* **Dataset section**
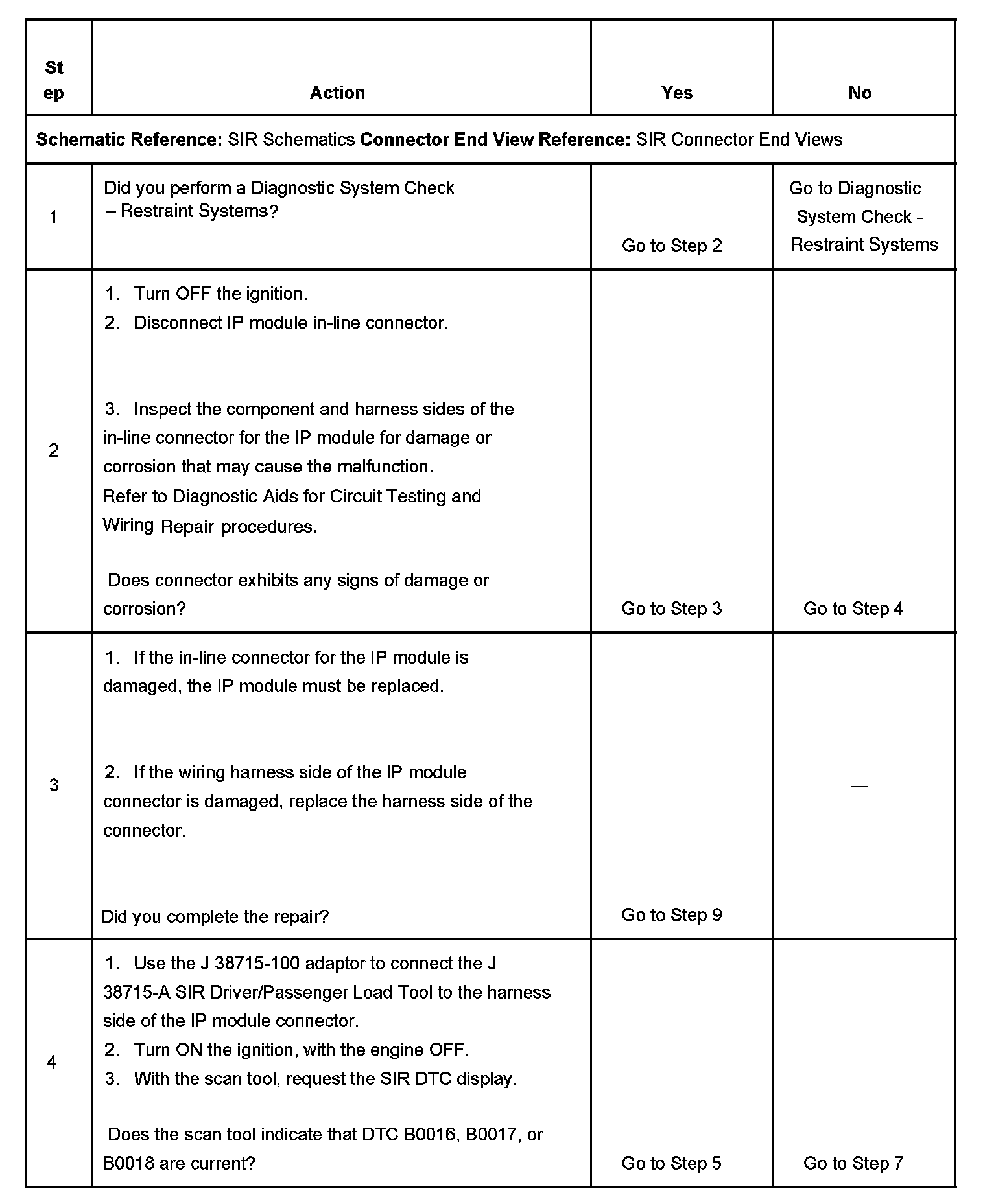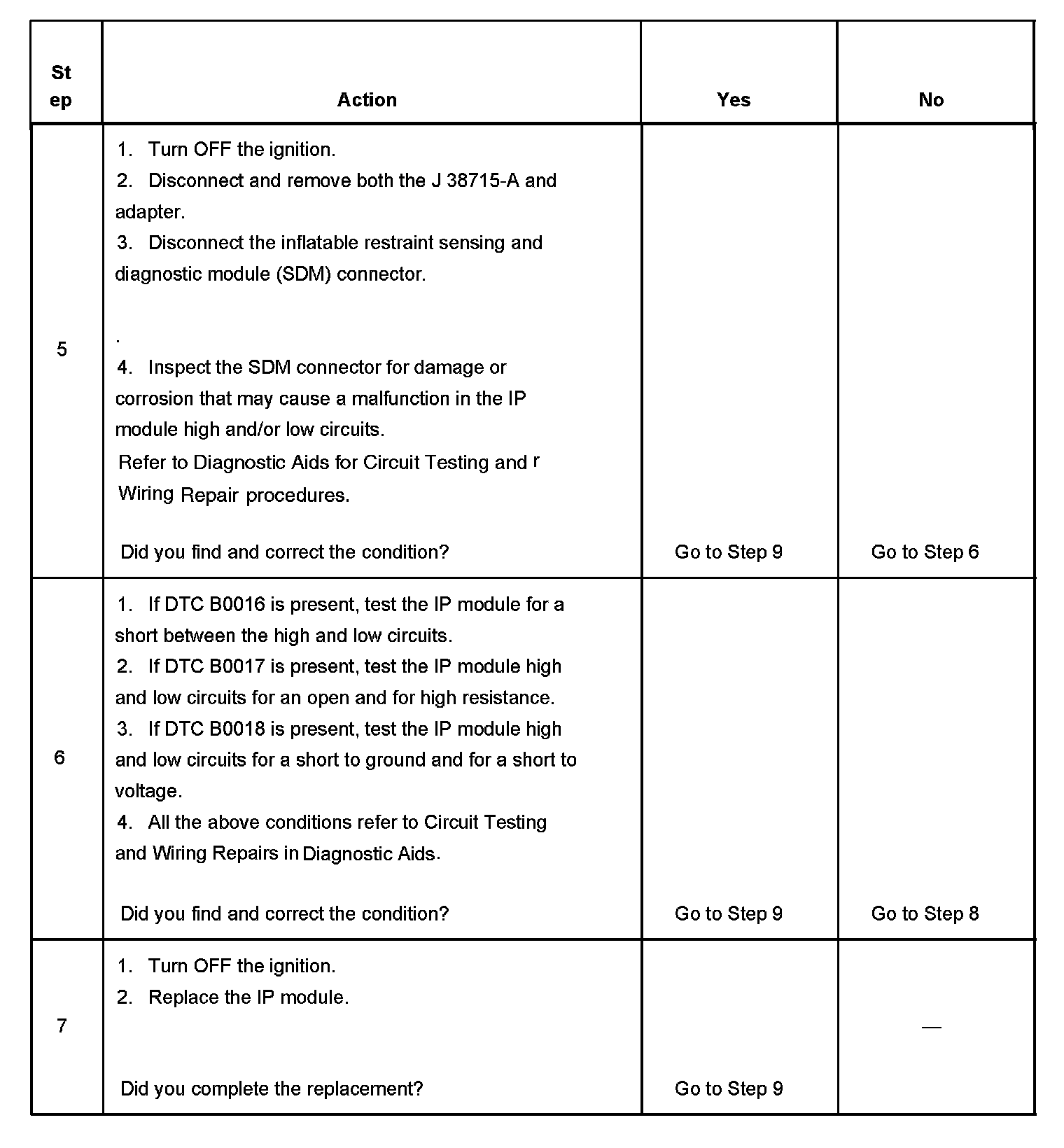 6. Tests to see what DTCs are present. If DTC B0016 is present, test the IP module for a short between high and low circuits. If DTC B0017 is present, test the IP module high and low circuits for an open and for high resistance. If DTC B0018 is present, test the IP module high and low circuits for a short to ground and for a short to voltage.
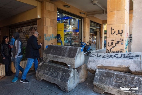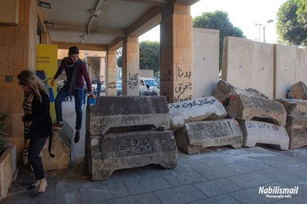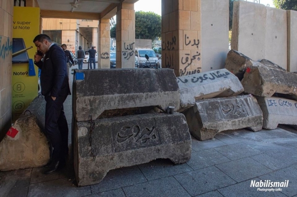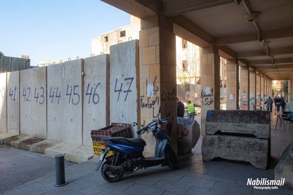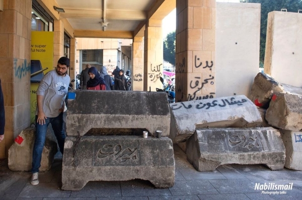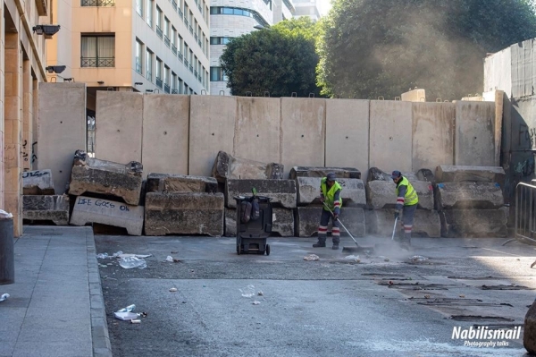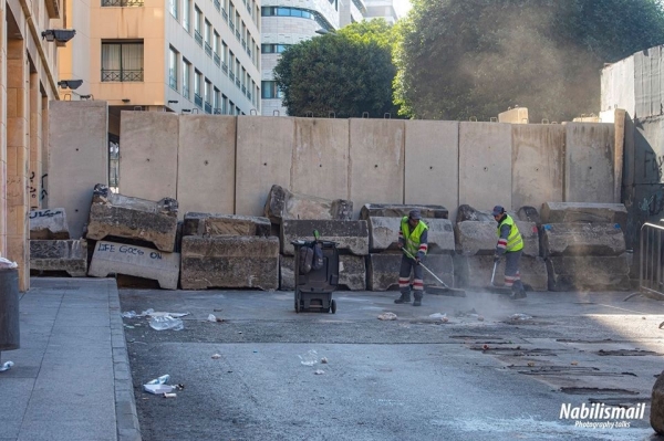 وقد علمت كاميرتي بأن فترة ما بعد ظهر اليوم سوف يتم وضع بوابة حديدية الى جانب الجدار عند مدخل مبنى المركزية تكون النافذة الوحيدة في المنطقة للدخول الى وسط بيروت حيث يعتصم الحراك الشعبي وينصب خيمه الاعتراضية في ساحتي الشهداء ورياض الصلح.
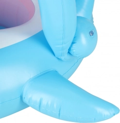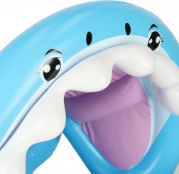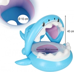 La poltroncina gonfiabile per bambini con allegro design a squalo è ideale per i primi approcci all’acqua in piscina, al fiume o al lago. Il baldacchino removibile protegge dal sole, mentre il sedile con passaggi per le gambe mantiene il bambino stabile e comodo.

* **About this exercise**
The lines needed are those from the one containing "وقد علمت كاميرتي" through the end of the listing, given again word for word and without any picture.

* **Solution below**
 وقد علمت كاميرتي بأن فترة ما بعد ظهر اليوم سوف يتم وضع بوابة حديدية الى جانب الجدار عند مدخل مبنى المركزية تكون النافذة الوحيدة في المنطقة للدخول الى وسط بيروت حيث يعتصم الحراك الشعبي وينصب خيمه الاعتراضية في ساحتي الشهداء ورياض الصلح.
 La poltroncina gonfiabile per bambini con allegro design a squalo è ideale per i primi approcci all’acqua in piscina, al fiume o al lago. Il baldacchino removibile protegge dal sole, mentre il sedile con passaggi per le gambe mantiene il bambino stabile e comodo.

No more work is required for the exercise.